The machine learning system on cloud was working well on the website theia.media.mit.edu - our goal is to integrate this into the device via API, so that whenever someone takes images they can choose to grade it by sending it on cloud. The natural limitation of this is that the user needs access to the internet, which may not be available in remote areas, and so we would eventually have to move the processing of images onto the raspberry PI itself. At the present moment, for a proof of concept we would use the cloud-based system.

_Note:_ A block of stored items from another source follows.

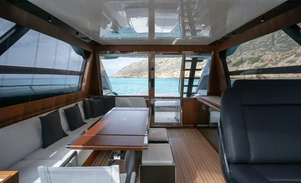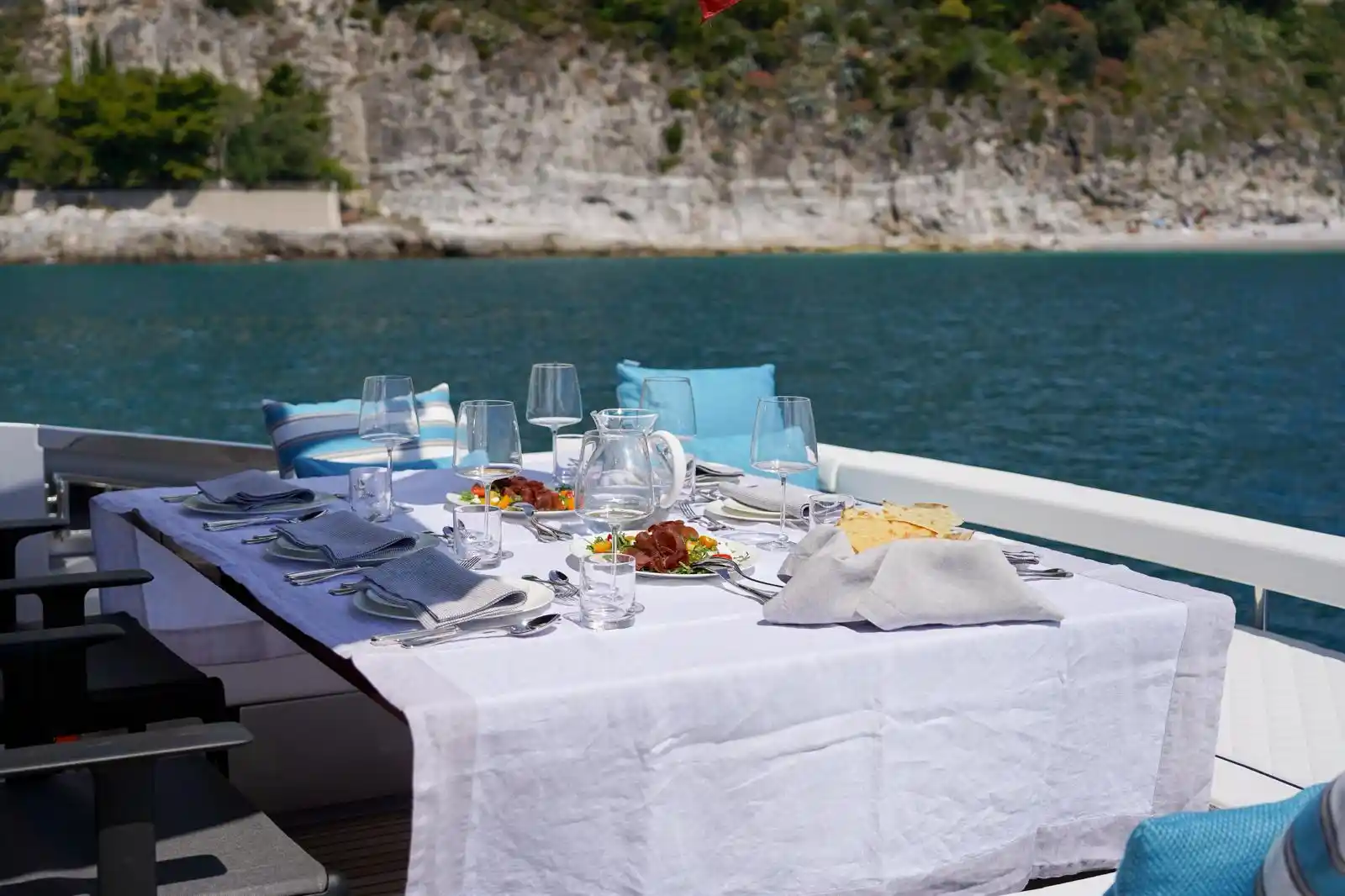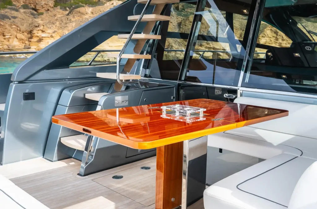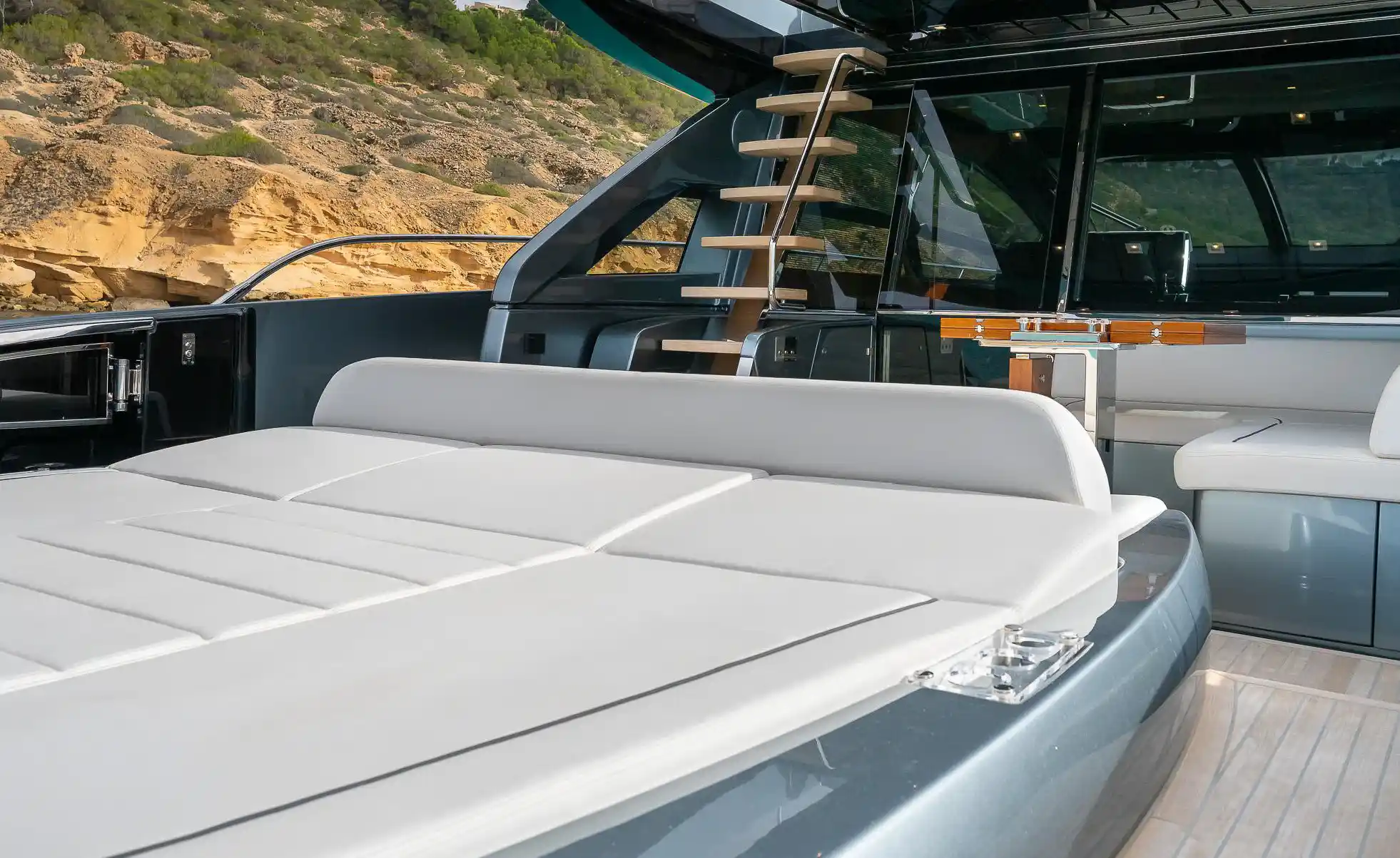 Le enormi aree prendisole a prua e a poppa offrono un comodo prendisole. C’è anche un ampio pozzetto con tavolo da pranzo per mangiare all’aperto. Sul ponte superiore troviamo una splendida area lounge privata con tavolo da pranzo e divani.
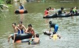 Sejumlah anak bermain Kukuyaan di Sungai Cikapundung kawasan Teras Cikapundung, Jalan Siliwangi, Kota Bandung, Ahad (31/1). (Republika/Edi Yusuf)
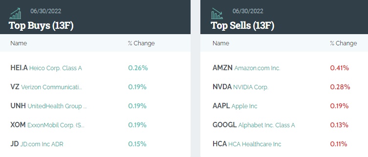 从持仓比例变化来看,前五大买入标的分别是:Heico Corp(HEI.A.US)、Verizon(VZ.US)、联合健康、埃克森美孚(XOM.US)、京东 (JD.US)。
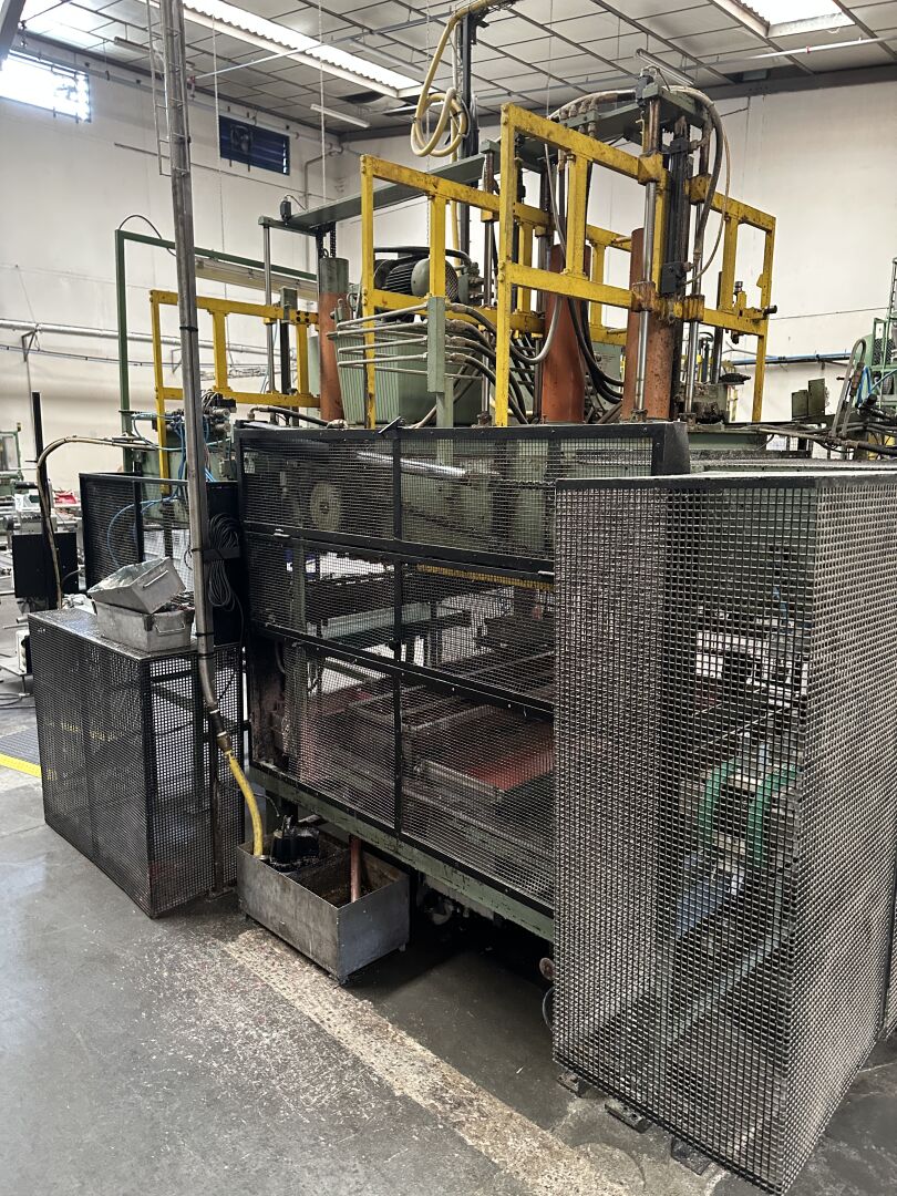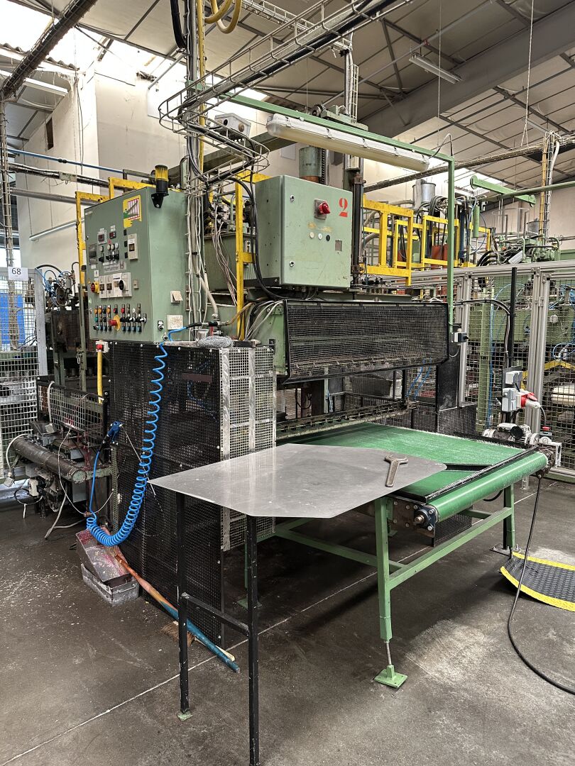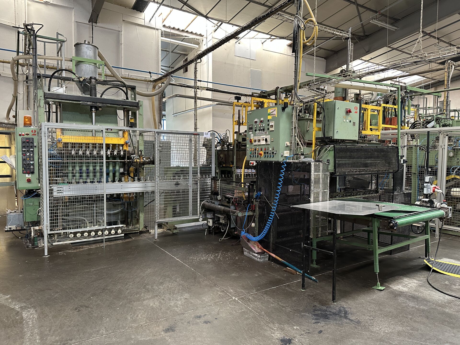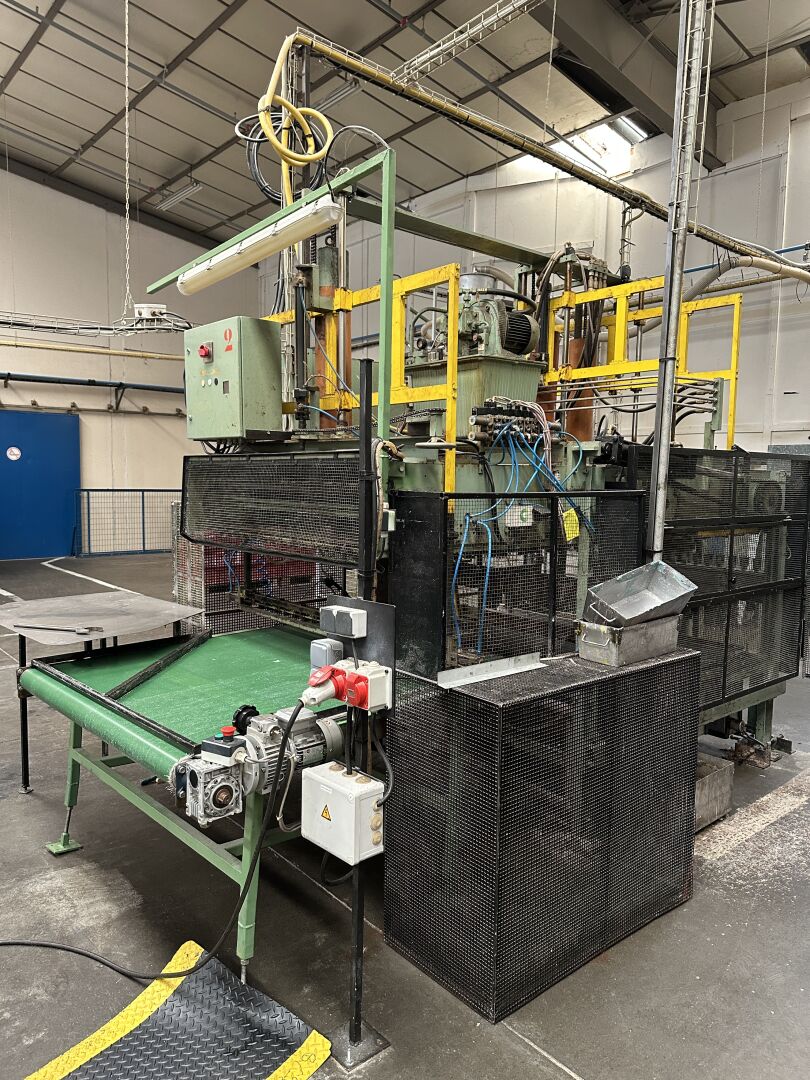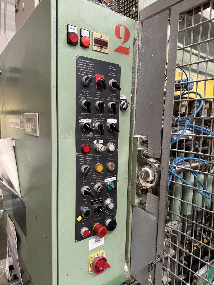 P2 : PRESSE DE FABRICATION DE BOUGIES COMPRENANT : -1 rouleau à poudre 3000 x diam 2000 mm équipé d'un bac de pulvérisation bain d'huile et d'un bac de stockage de poudre inox 1200 x 1100 x 1000 mm mobile ( dans un espace cloisonné bois à démonter) alimentant : -1 presse GUNST GMBH 22985 de 1987 rétrofitée par HERRHAMMER -8 moules diam 48 mm -module d'insertion de mèches -1 chaine à taquets longueur 450 cm -1 module de trempage FTM 19/430 253 -1 lot de moules -1 convoyeur à bande 1300 x 1500 mm (frais de mise à disposition 150 € TTC)
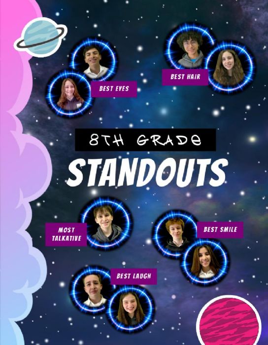 Entry Description: Building on our 3... 2... 1... Blast Off! theme, we showcased our 8th Grade Standouts as sparkling satellites in the sky.
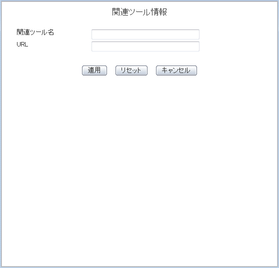 追加ボタンをクリックして表示される関連ツール情報画面にて、関連ツールに関する情報を設定します。

This is written in python as a seperate module, with a function grade_request() that is callable, with the filename supplied as an argument. The API takes a multipart form, in which we send the file object (C-style, returned by open() in python) using the requests module. The API request requires a unique token which is generated by the website - this would help us identify the institution/device making the request.
The server returns a 200 reponse, and a JSON object containing the grade as a float (from 0.0 to 4.0). To test it out, the following table surveys a few test images and their responses from the server:
As can be seen, even the first image, which had a lot of noise (i.e. non-retina artifacts like the lens holders and other parts in our device which had not been computationally removed) gave a result which matched fairly well with what we would expect. The algorithm was robust enough to not be confused by the whitish streaks as well as the black dots (artifacts - usually dust on the camera or lenses) in the 4th image, correctly labelling it within the healthy bracket (less than 1.0).
These tests worked quite well on high-quality images from fundus imaging devices in the clinic. We would like to evaluate the performance of this system on images taken by our device. For this we need to convert our images into a format which is similar to what the clinical standard devices would output - which would start by understanding the limitations in our device's imaging capabilities. The fundamental differences between OWL images and fundus images are:
- The glare spots at the center - these would be removed by the computational inpainting method described earlier.
- Our device's images are limited to 30 degree field of view (FOV) - which need not be central. This is not a major limitation as this FOV gives enough information for a nonspecific retinal examination.
- Our images would have radial distortion due to the 20D lens and the M12 camera lens of the raspberry PI. This would result in slightly different edge distortions compared to a traditional fundus imaging device. To a human examiner, this would make little difference - but to the machine learning algorithm, this may have a non-negligible effect which we would have to investigate.
Point (1) would have the greatest effect on the DR score - since the white spots may be confused by the algorithm to be due to DR. The following table shows the scoring at different stages of processing:
|None (raw image)||0.15|
|Extracted the fundus from the background||0.12|
|Removed the glare from the image||0.16|
Interestingly, there was very little variation between the three images as far as scoring by the algorithm was concerned. However, we would need to conduct a large study on patients and healthy volunteers comparing images from our device and from clinical standard devices to really quantify how closely in agreement the DR grading is. However, for the purposes of a first stage screening device, the automation system broadly classifies images quite well.